Part of the issue seems to be that Vitamin K1 and K2 look very similar chemically. Vitamin K1, vital to your body’s ability to form blood clots 6, has been studied since the 1930s and converts (in small quantities) into K2. Despite mounting evidence, the FDA has been painfully slow on creating a new daily value for vitamin. In fact, it was only as recently as 2006 that the FDA, along with researchers from Tufts University, did analysis on common foods to determine K2 levels.

 

As long as Vitamin K2 remains without a daily value recommendation, the ambiguous “Vitamin K” that is put in multivitamins and added to fortified food products is almost exclusively K1. Vitamin K1 is cheaper and easier to find, which means manufacturers almost always opt for it over K2.

We need the FDA—the agency can use its health guidelines to push producers to make truly healthy foods for the American consumer. As simple a step as separating the K Vitamins into K1 and K2 would force everything from multivitamins to health shakes and drinks to focus on providing Americans with enough of the valuable vitamin.
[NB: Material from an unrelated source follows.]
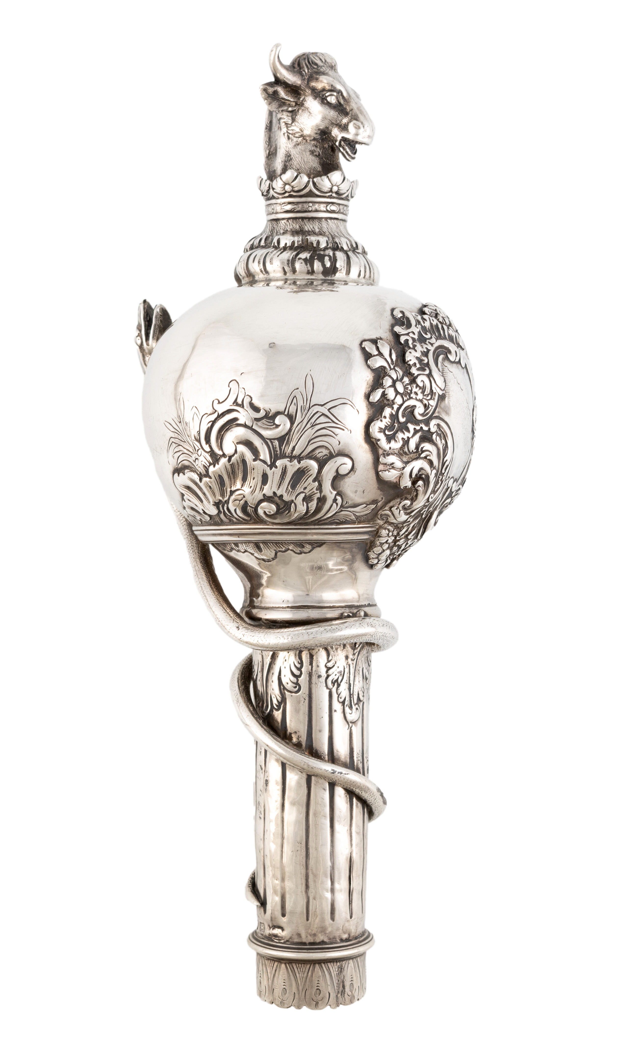 spherical form with shell and scroll decoration and a shell, scroll and foliate applied cartouche, with a crown and bull's head finial, on a fluted column with an applied snake wrapped around, length 29.3cm, approx. weight 22.1oz.
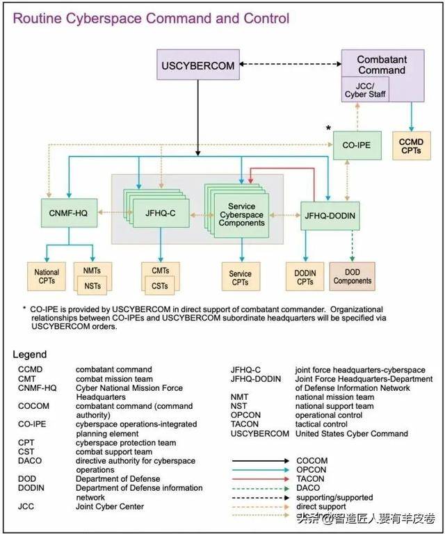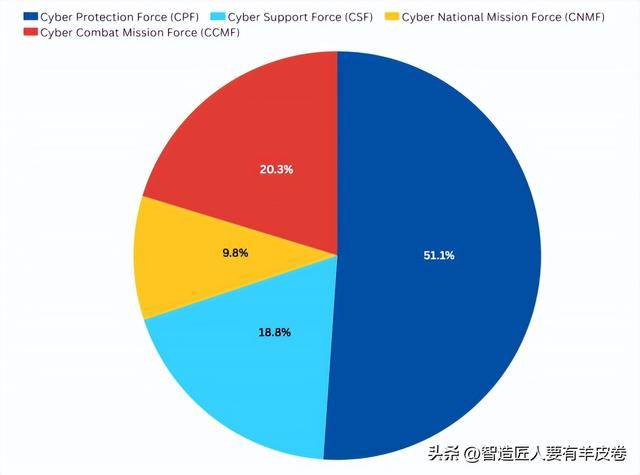 网络作战任务部队(CCMF):共27支队伍,主要任务是开展军事网络作战,并支援各作战司令部(如

But it takes too long to incorporate the new science and, unfortunately, it’s consumers who pay the price.

The Misdefinition of Healthy

Now, if you’re not one to read the percentages of food labels anyway, then the flaws of dietary recommendations may seem like a non-issue. But there are tangible effects of these FDA nutrition guidelines on our lives. Health food is a hundred billion dollar industry, and a huge percentage of Americans work to “eat healthy”. Unfortunately, it’s becoming harder to know what that means.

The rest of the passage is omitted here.